# Yearling doe developing an udder?



## samssimonsays (Aug 1, 2016)

As far as I know she's not bred. She was housed with a mother son pair and buckling was weaned and separated out. There's a chance she was bred, I know. But she was just in heat 1.5 weeks ago. She is a saanan/nubian doe who is LOUD normally but when she is in heat.... It can be unbearably worse. She also swings her but and swishers her tail at everything when she's in heat so it is super hard to miss. But here are a couple pics of what I am talking about. If she is, it's not the end of the world. If she's not.... Well, she's a goat so why am I even surprised she'd have something weird going on.


----------



## OneFineAcre (Aug 1, 2016)

Precocious Udder


----------



## Green Acres Farm (Aug 1, 2016)

Occasionally, especially in good dairy lines, a doe will come into milk without being bred. 
But, I had a doe who I didn't know was bred and she started developing a small udder. A week later I noticed it was just a little bit bigger. I was extremely surprised that she had milk in there when I squeezed it. I felt her ligs, and sure enough- they were gone! I got her to the kidding pen and she kidded that day. I had no idea! That fall the bucks busted into the doe pen...and got ALL the does at the time bred!


----------



## samssimonsays (Aug 1, 2016)

OneFineAcre said:


> Precocious Udder


I had heard about that before. Since her mom was a very good milk producer and her father was from big dairy lines there could be a decent chance that's what it was. I'm not expecting any babies but I'm also going to have to be ready if she did get bred by the buck kid before he was weaned... . My other doe has no signs of this at all and she's an Alpine only a month younger. If he got one, he'd have had to have gotten both. And his mother. :/ since tilda was in heat within a couple weeks ago I am assuming she's not bred...


----------



## Goat Whisperer (Aug 1, 2016)

Agreed with OFA.

We have had several with precocious udders. I think my buck had one too. 
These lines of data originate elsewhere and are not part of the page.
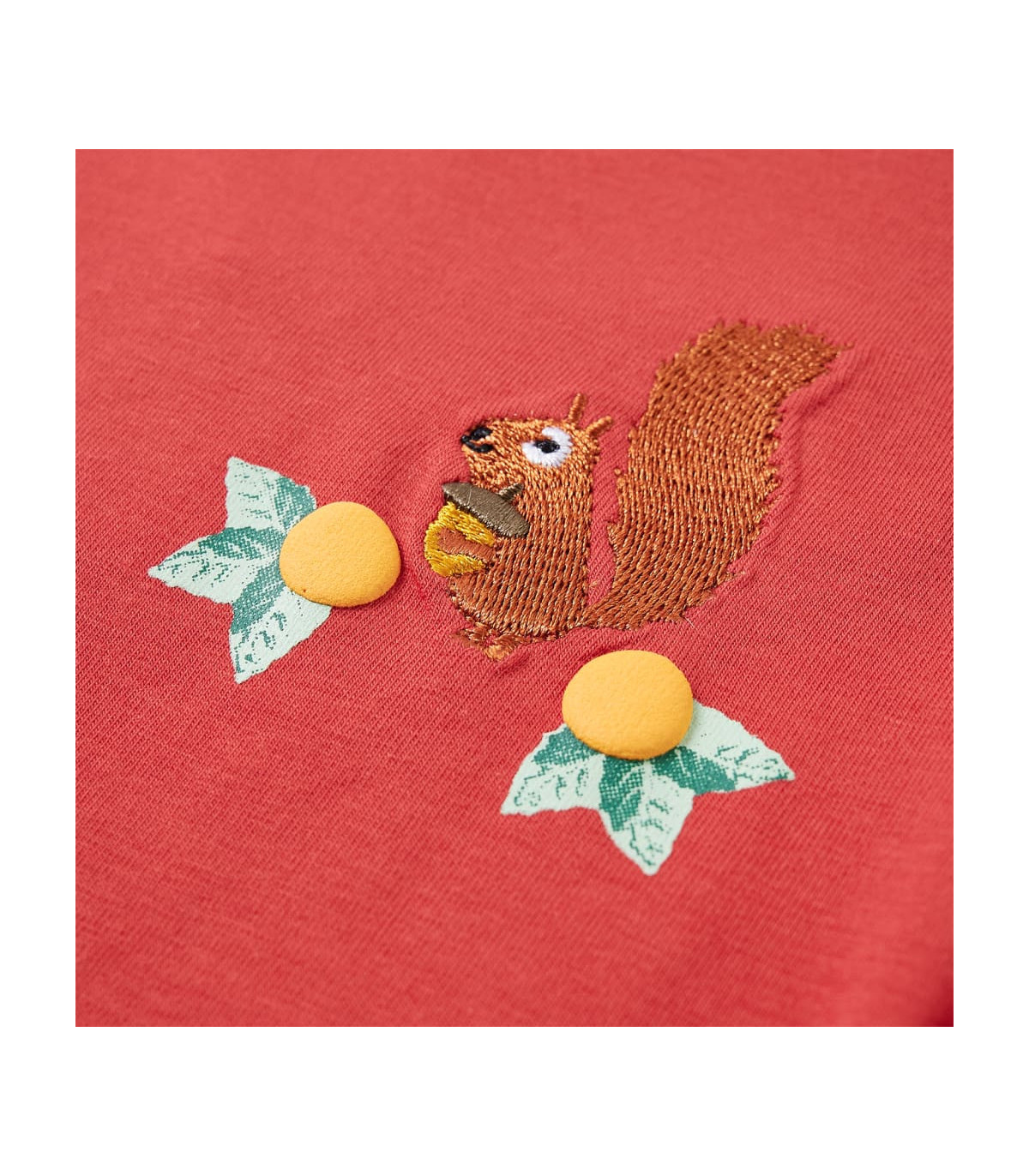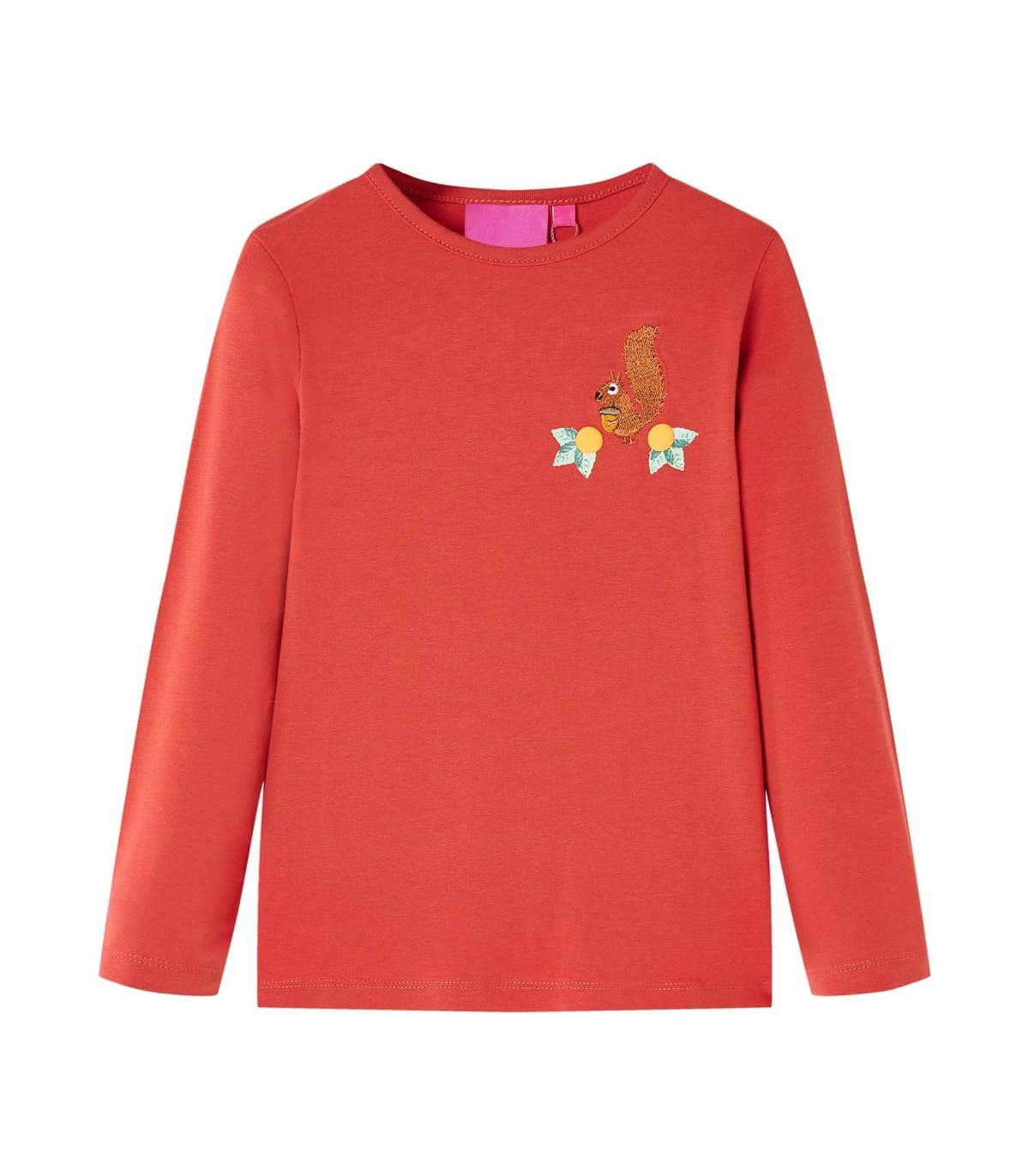Our children's clothing line is all about affordable, high-quality, and durable everyday wear for kids aged 1.5 to 10. Our range includes jackets, sweaters, shirts, and many more, with a variety in style, size, and colour. Following the high-quality standard in the market, we are using high-grade materials and advanced manufacturing techniques. This kids' t-shirt has long sleeves, a round neckline, and a straight model. The children's t-shirt features a lovely squirrel holding a pine cone. The children's long sleeve t-shirt is made from soft material with 95% cotton and 5% elastane for extra comfort and breathability. Good to know: The size chart in the picture provides measurements for kids aged 1.5 to 10, covering the height, chest, waist, and hip. You can easily find the right fit for your child.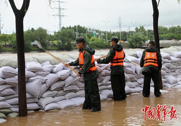 7月29日,北京密云宁村新桥附近的潮河岸边,参与抢险的武警战士正在拍实和加固堤坝上的沙袋,应对近期因暴雨引发的洪峰。中青报·中青网记者 陈剑/摄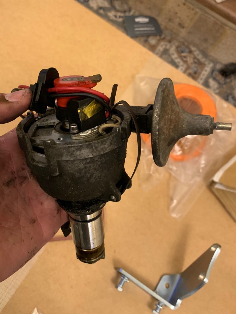 For a while I even considered that I might’ve purchased the incorrect distributor, but the actual problem was something easily solved; The clamping plate that locks the distributor in position had been over-tightened and bent at some point, not leaving a large enough hole for the distributor unit to be fitted into.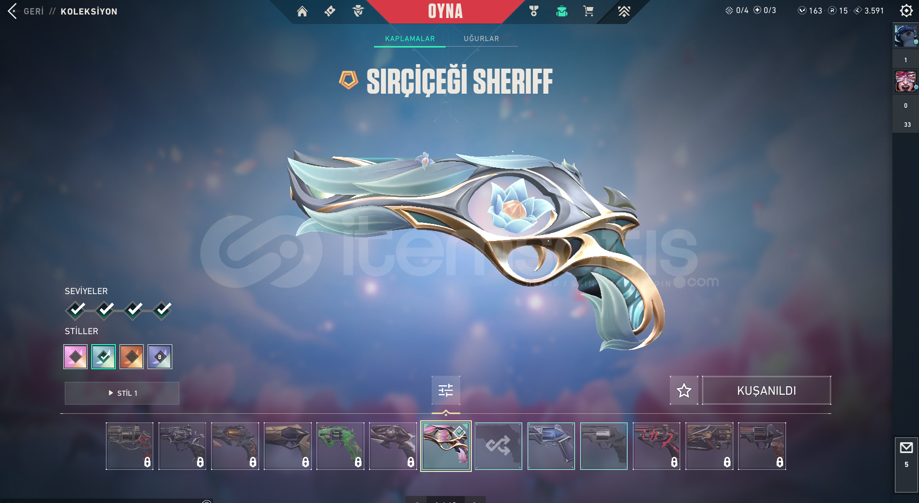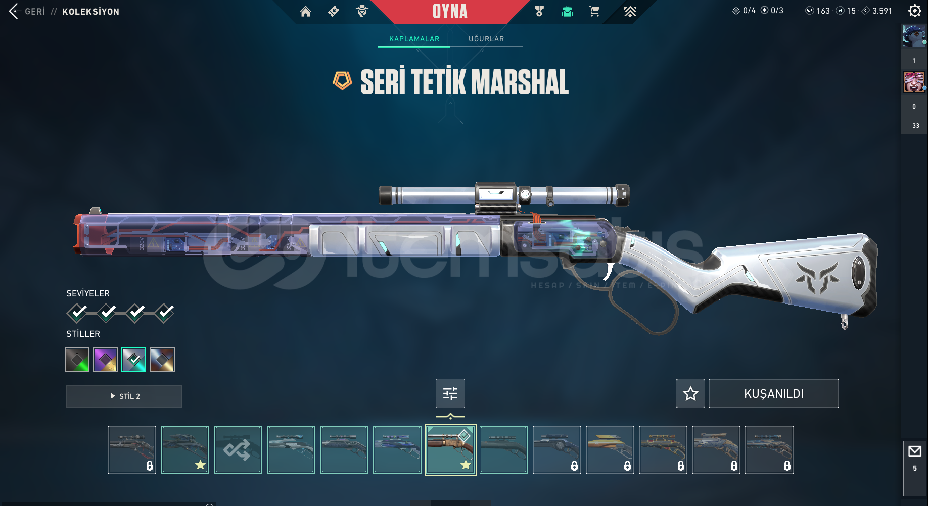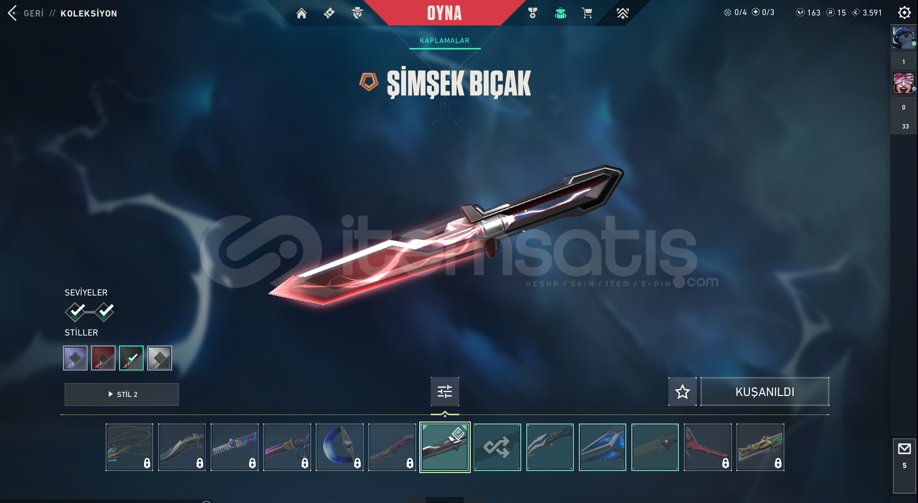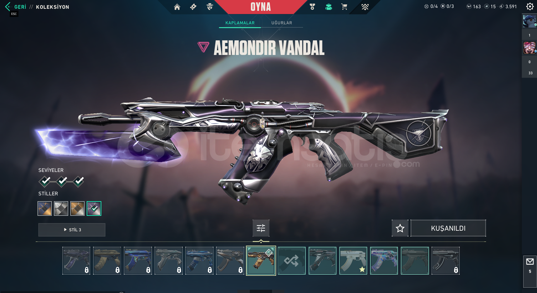 İçindeki skinler ;Zifiri ClassicSpectrum PhantomAeomandır VandalNeptun VandalSeri Tetik MarshalZifiri MarshalŞimşek BıçağıKuronami SpectreEvori GhostSırçiçeği sheriff

One of our 5 months olds had one this year.


----------



## samssimonsays (Aug 1, 2016)

Goat Whisperer said:


> Agreed with OFA.
> 
> We have had several with precocious udders. I think my buck had one too.
> 
> One of our 5 months olds had one this year.


This is a huge relief lol! Never have I bred or had a pregnant doe before so I have no idea what I'm doing


----------



## Goat Whisperer (Aug 3, 2016)

You could start milking her and see what happens


----------



## babsbag (Aug 3, 2016)

I have two does that come into milk every summer without being bred. They dry up in the winter and come back into milk about 5 months after their last heat. One fails to get bred, the other one I choose not to breed due to some kidding difficulties and her age, but hey, if they are going to give me milk it is a perfect world. One of them milks almost a gallon a day. 

I also have a dry yearling with a precocious udder this year. I am excited to see what she does when she is in milk.


----------



## samssimonsays (Aug 3, 2016)

She's gotten to be on my double milking stand while I'm milking the other does and is stand trained and she's gotten to see when I'm milking as well. I put her on the stand and fed her while milking scarlet and when she was eating I would feel her udder area to get her used to being touched there for next year. She has never done more than a squatting motion when I am messing with her so I am hopeful for some good manners. I didn't realize I could milk her just thought it was a sort of false udder deal going on?


----------



## babsbag (Aug 3, 2016)

samssimonsays said:


> My other doe has no signs of this at all and she's an Alpine only a month younger. If he got one, he'd have had to have gotten both. And his mother. :/ since tilda was in heat within a couple weeks ago I am assuming she's not bred...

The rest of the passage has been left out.